Data & Analytics > DataQuery > Console User Guide

To use DataQuery service, you have to add a data source. The service is available through following procedures.

  • Add a data source to link
  • Start a cluster to reflect the data source
  • Run Queries from separate tool via Query Editor on Web Console or external access URL

Data Source

Add Data Source

  • Restrictions for Data Source Setup and Reflection
    • Data sources of Object Storage type must exist before adding other data sources.
    • Data sources of Object Storage type have to exist before the cluster can be activated and query runs.
    • Only one data source of Object Storage type can be registered.
  • Click Add Data Source.

Object Storage Data Source Type

  • Click Add Data Source and enter Object Storage information in the dialog box.
    • Data source name
      • This is a separator used to perform queries, and must be unique value among data sources.
    • Access key, secret key, endpoint
      • Connection information for Object Storage where Data to be linked exists.
      • Access keys and secret keys can be issued from the Object Storage console. For more details, refer to Object Storage Console Guide.
      • For Endpoint, refer to S3 API endpoint from Object Storage Guide of respective region.
    • Bucket Name
      • Object Storage container name (dataquery-warehouse) that the system uses to store Default table information, management table information, and data.
        • Create and use your own dataquery-warehouse container.
      • Existing data to be linked may exist outside the dataquery-warehouse container.
  • Others
    • Object Storage to be linked may exist outside the same NHN Cloud project.

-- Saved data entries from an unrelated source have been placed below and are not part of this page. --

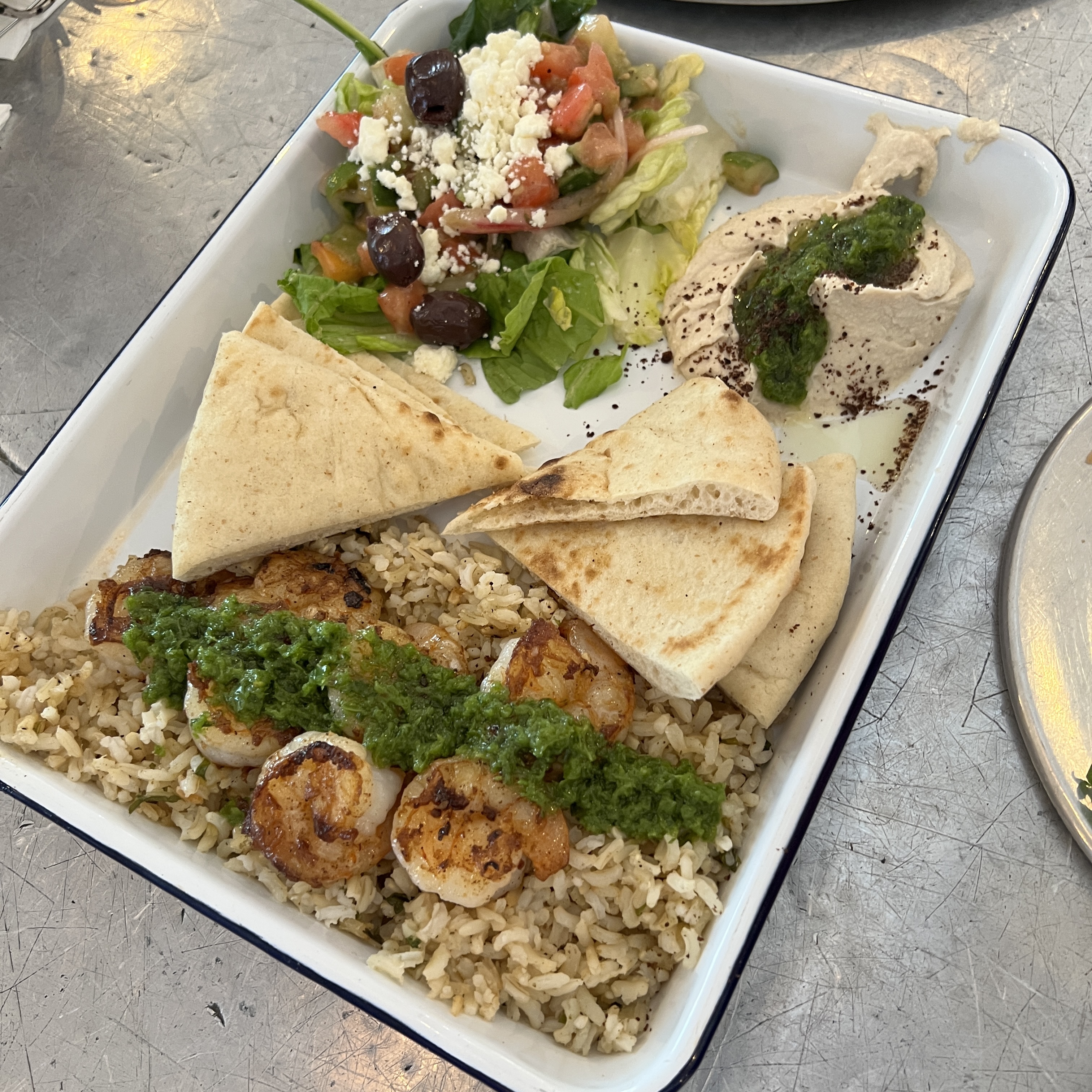 Hummus, Greek Chicken Wings and Fried Cheese Rolls are good starters.
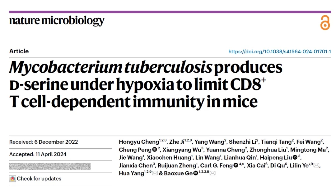 由結(jié)核分枝桿菌感染引起的結(jié)核病(Tuberculosis, TB)仍然是嚴(yán)重威脅人類健康的重大傳染性疾病之一。醫(yī)學(xué)院戈寶學(xué)、楊華團隊合作研究發(fā)現(xiàn)了結(jié)核桿菌逃避CD8+ T細(xì)胞免疫清除新機制,針對結(jié)核分枝桿菌關(guān)鍵代謝通路開發(fā)抗結(jié)核藥物和疫苗提供了新的見解和潛在靶點。該研究成果在線發(fā)表于《自然·微生物學(xué)》(Nature Microbiology)。
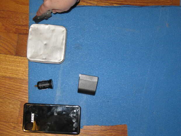 Mida la cavidad interna de la caja. Cortar la espuma para adaptarse.

      [Note] If Object Storage to link with DataQuery is not in the same region, network traffic may incur additional charges.

MySQL Data Source Type

  • Data source name
    • This is a separator used to perform queries, and must be unique value among data sources.
  • Access URL
    • It is MySQL Database access address.
    • Have to be entered in the format of jdbc:mysql://[Host,ip]:[Port]?[Parameter]
    • Time zone has to be set.
      • ex) jdbc:mysql://localhost:10000?serverTimezone=Asia/Seoul
  • User ID
    • MySQL Account name to access.
  • Password
    • MySQL Password to access.

Query Editor

  • Query Editor is divided into Cluster area, Schema area, Editor area, and Result/Console execution area.

1. Cluster Area

  • You can turn the cluster on or off.
  • In order to reflect the added, changed, and deleted data source information to actual activity, DataQuery cluster have to be restarted.
  • If a data source has been added, changed, deleted, the Restart Cluster message appears as shown below.
    • As Object Storage is a required data source, once Object Storage data source is deleted, it is impossible to start a cluster.
  • It may take 1~2 minutes to turn off and 3~4 minutes to turn on.
  • DataQuery cluster reflects all data sources and cannot apply individual data sources.
  • If Cluster on or off persists to fail, contact the Customer Center.

2. Schema Area

  • You can check data sources that are connected and the actual DB, tables, and column information that they provide.
    • Information_schema is DB that has connection information with the data source and cannot be tempered.
  • Click Refresh for respective item to refresh data sources, schema, tables, and column information.
    • However, refreshing parent Schema does not reload the child Schema information. When you refresh Table, only its Table list is imported and respective column’s information is not to be updated.

3. Editor Area

  • You can create maximum 10 Query Editors by clicking + Add Query.
  • You can execute Query by clicking Run or typing ctrl + enter, and can check progress of running Query at the bottom of Editor and cause log in case of failure.
  • Supports automatic completion of data sources, schemas, tables, and column names collected while creating queries.

SQL Guide

  • SQL in DataQuery works in accordance with Trino criteria.
    • Trino follows standard SQL Grammar (ANSI SQL).
    • Trino does not have data on its own, and processes data through linking with multiple data sources.
      • Exceptional grammar or restrictions may exist for each data source. *It is designed for Analytical Processing (OLAP) operations, not Transaction Processing (OLTP) operations.
  • Data type
    • Supports types such as BOOLEAN, integer, decimal, string, date, UUID, hyperlog, etc.
  • Trino Query
    • Data Definition Language (DDL), Data Manipulation Language (DML) and additional syntax are supported as below.
      • Syntax to check Metadata: SHOW CATALOGS, SHOW SCHEMAS, SHOW TABLES, SHOW STATS FOR
      • Syntax to check system's embedded procedure or to check execution plan of Query: CALL, EXPLAIN
  • See Trino's Guide for more information.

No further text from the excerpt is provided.